ABOUT THIS EXERCISE:
Only the lines from the one containing "中國最大的陸運(yùn)口岸" through the end of the entries should be returned, exactly as they are, with the pictures omitted.

- - -

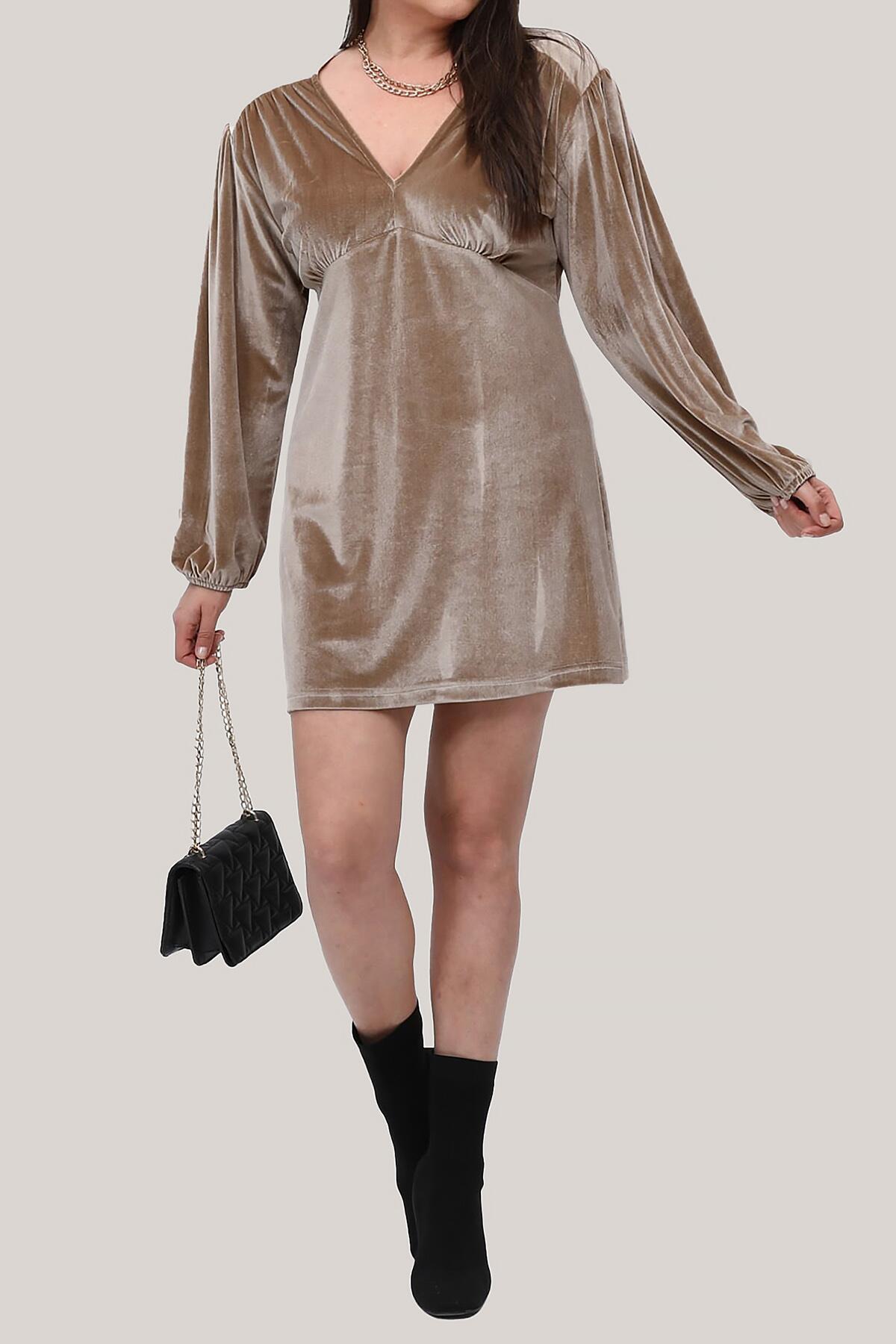 Büyük Beden Kadife Mini Elbise Bej
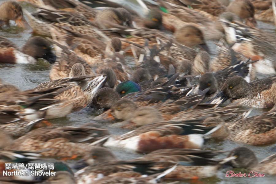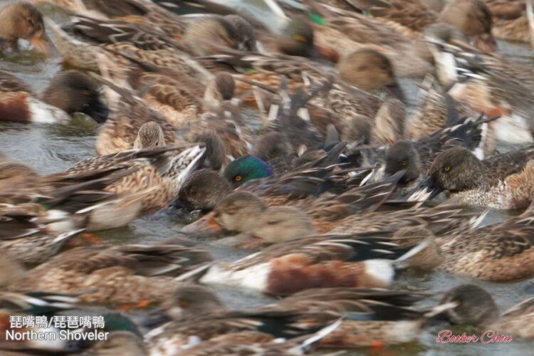 琵嘴鴨在嘉南地區屬於普遍冬候鳥,每年十月到次年四月停留期間,鰲鼓溼地都有機會看見牠們集體上演水上圓舞曲的畫面。(本文作者:資深媒體工作者、宜蘭左岸彩鷸俱樂部專業鳥導及宜蘭左岸藝廊藝術總監周俊雄博士)
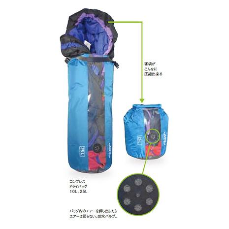 コンプレッサーバルブが付けられたのでバッグを圧縮すると、内側のエアーは外へ出されて戻らない。
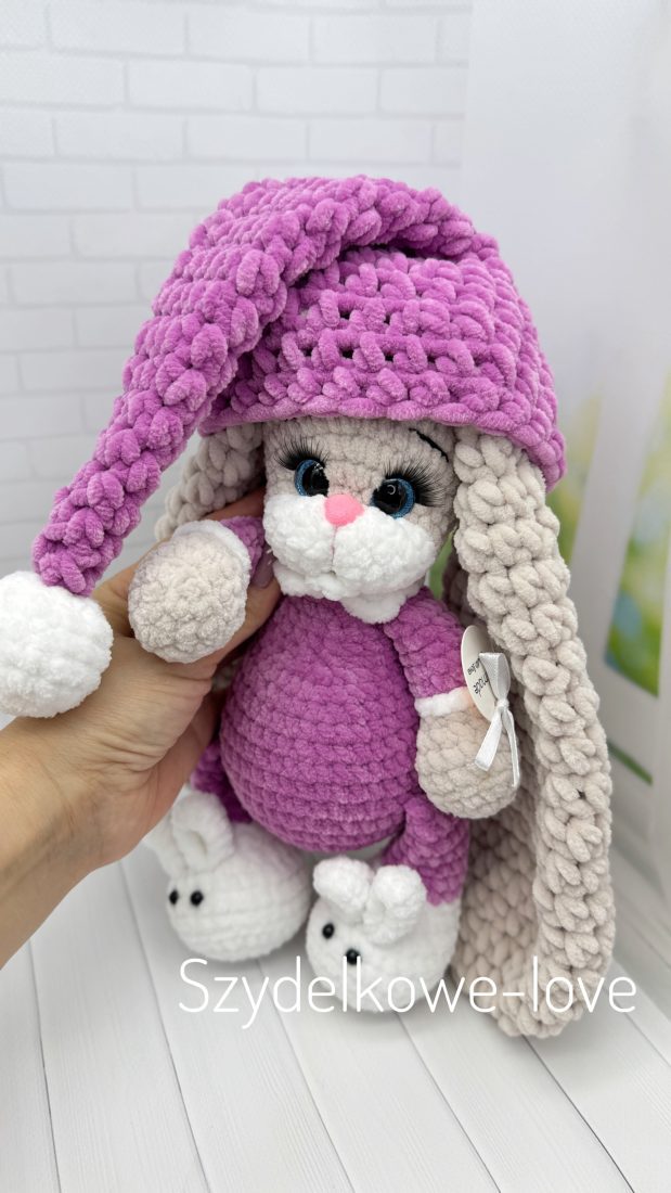 Królik w czapeczce i bucikach wykonany szydełkiem
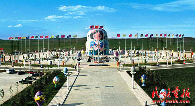 中國最大的陸運(yùn)口岸城市滿洲里的套娃廣場彩旗飄揚(yáng)(呼倫貝爾市委宣傳部供圖)
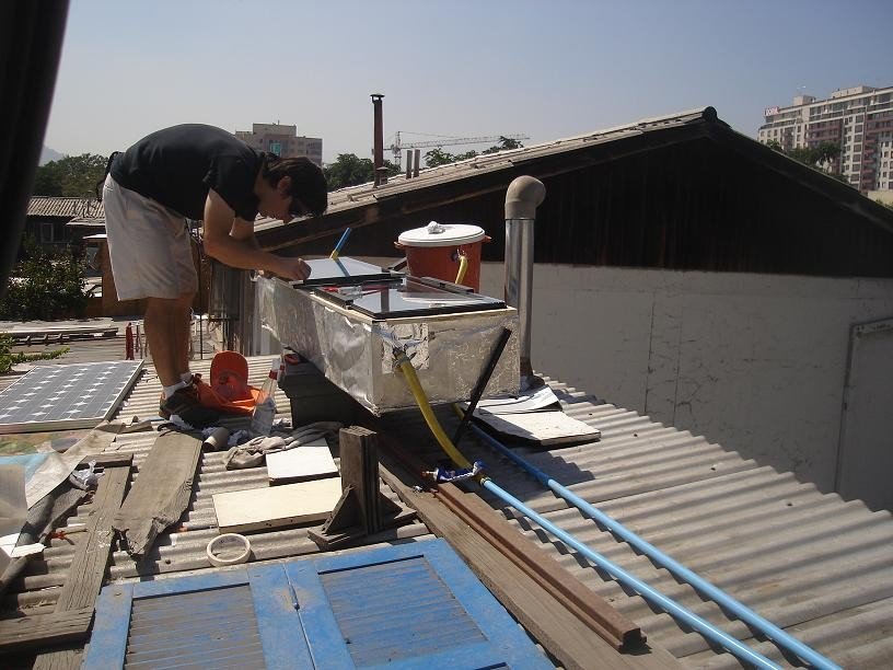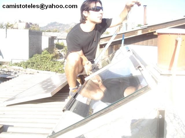 La colocación del doble vidrio es parte del trabajo que realizó Camilo Rojas C. de Chile para diseñar su calentador solar (versión 5).

- - -

RESPONSE TO THE EXERCISE:
 中國最大的陸運(yùn)口岸城市滿洲里的套娃廣場彩旗飄揚(yáng)(呼倫貝爾市委宣傳部供圖)
 La colocación del doble vidrio es parte del trabajo que realizó Camilo Rojas C. de Chile para diseñar su calentador solar (versión 5).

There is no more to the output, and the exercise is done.